Thatcham Research publishes EV Blueprint to reduce write offs
Thatcham Research has launched the EV Blueprint to prevent electric vehicles from being unnecessarily written off.
The EV Blueprint addresses the specific challenges of electric vehicle insurability and repair costs.
Safety protocols have been established for first responders managing electric vehicles at the roadside, while repair centres also understand the fundamental safety requirements to protect technicians working on high-voltage systems.
However, challenges remain with a recent Thatcham Research survey finding that battery-related issues remain the primary concern for 44.6% of insurers and 41.7% of repair professionals.
With batteries accounting for up to 40% of a vehicle’s total value, even minor collision damage can result in total loss determinations, particularly as vehicles depreciate over time.
To address this, Thatcham Research’s EV Blueprint establishes eight critical requirements designed to ensure battery electric vehicles can be safely assessed, efficiently repaired and economically maintained throughout their lifecycle.

Key requirements
Resettable emergency safety loop – Emergency safety systems must be designed to be resettable without permanent damage or extensive component replacement, similar to fuel cut-off switches in conventional vehicles
Safe and simplified battery handling – Battery removal and reinstatement processes must be straightforward, avoiding complex procedures or specialised subscription-based tools that create barriers to efficient repairs
Vehicle damage assessment guidelines – Clear, accessible methodologies for assessing battery damage after accidents must be available to all stakeholders, including independent repairers and insurers, to prevent unnecessary total loss determinations
Accessible diagnostics – High-voltage system diagnostics should be standardised and accessible through widely available equipment, comparable to current On-Board Diagnostics systems for conventional vehicles, rather than requiring expensive proprietary tools
Battery damage protection against impacts – Robust under-shields and protective designs are essential to safeguard batteries from underbody impacts and side collisions, with replaceable protective components available at reasonable costs
HV battery repair strategies – Established repair methods for battery casings and mounting brackets must allow completion without removing or disassembling entire battery packs, with pyrotechnic fuses designed for easy reset or replacement
Serviceability of HV batteries – Batteries must be designed for safe disassembly, using modular construction with removable fasteners rather than permanent adhesives, enabling refurbishment and remanufacturing within the UK
HV system component design – Critical components like charge ports should be positioned in less vulnerable locations and designed as standalone units to minimise repair complexity and costs.

Essential principles
These recommendations are underpinned by three essential principles: safety – ensuring protection for everyone who interacts with EVs throughout the vehicle’s entire lifecycle; sustainability – enabling a comprehensive circular economy for HV batteries through repair, refurbishment and remanufacture; affordability – ensuring HV components are accessible and reasonably priced, with total loss avoidance strategies that include new parts, warranted refurbished units and remanufactured options.
Dan Harrowell, principal engineer, advanced technologies Thatcham Research, said: “How affordable it is to insure these cars largely relies on how well the industry can handle repairs after accidents.
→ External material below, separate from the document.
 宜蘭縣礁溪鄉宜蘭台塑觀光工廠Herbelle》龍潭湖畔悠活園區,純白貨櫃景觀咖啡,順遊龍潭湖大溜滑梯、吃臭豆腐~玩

As repair shops have become more experienced with electric vehicle technology, the costs of fixing these cars have already decreased by 10.7%.
“To continue making insurance more affordable as more electric vehicles hit the roads, car manufacturers, insurance companies and repairers need to keep collaborating to overcome any remaining challenges.
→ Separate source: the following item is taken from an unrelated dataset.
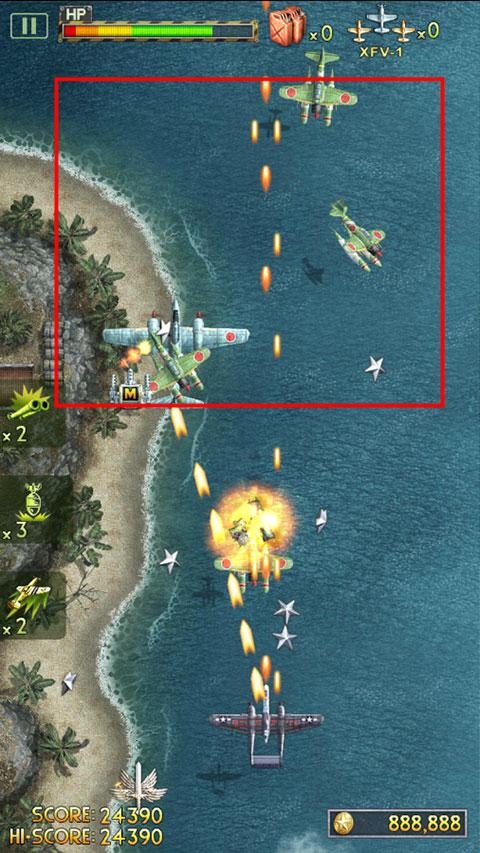6、来到战场,需要与对面大量敌机进行战斗,主战机会自动发射炮火;

“This blueprint provides the roadmap for that collaboration, ensuring we can deliver both the environmental benefits of electrification and the economic sustainability that consumers need.”

Practical recommendations
Jonathan Hewett, CEO, Thatcham Research, added: “The transition to electric vehicles represents one of the most significant transformations our industry has ever undertaken, but it cannot succeed if EVs become economically unviable to insure and repair. We’re seeing too many repairable vehicles written off simply because current designs don’t accommodate efficient assessment and repair processes.
“Our EV Blueprint is the result of carrying out real-world EV impact assessments and repair procedures, in-house for more than a decade. These are practical, evidence-based recommendations to overcome three-year-old EVs being written off unnecessarily because of minor battery casing damage.
“This impacts consumer confidence and, fundamentally, undermines the sustainability credentials that make electrification so important in the first place.”
Achievable
He continued: “The eight recommendations we’ve outlined are entirely achievable. We already see these principles working in conventional vehicles. There’s no technical reason why EVs can’t meet the same standards. What we need now is industry-wide commitment to designing vehicles that can be safely assessed, efficiently repaired, and economically maintained throughout their entire lifecycle.
“We want to work with vehicle and battery manufacturers to create a genuinely sustainable electric vehicle ecosystem. Not just sustainable in terms of emissions, but sustainable economically and practically for the millions of consumers who will depend on these vehicles in the years ahead.”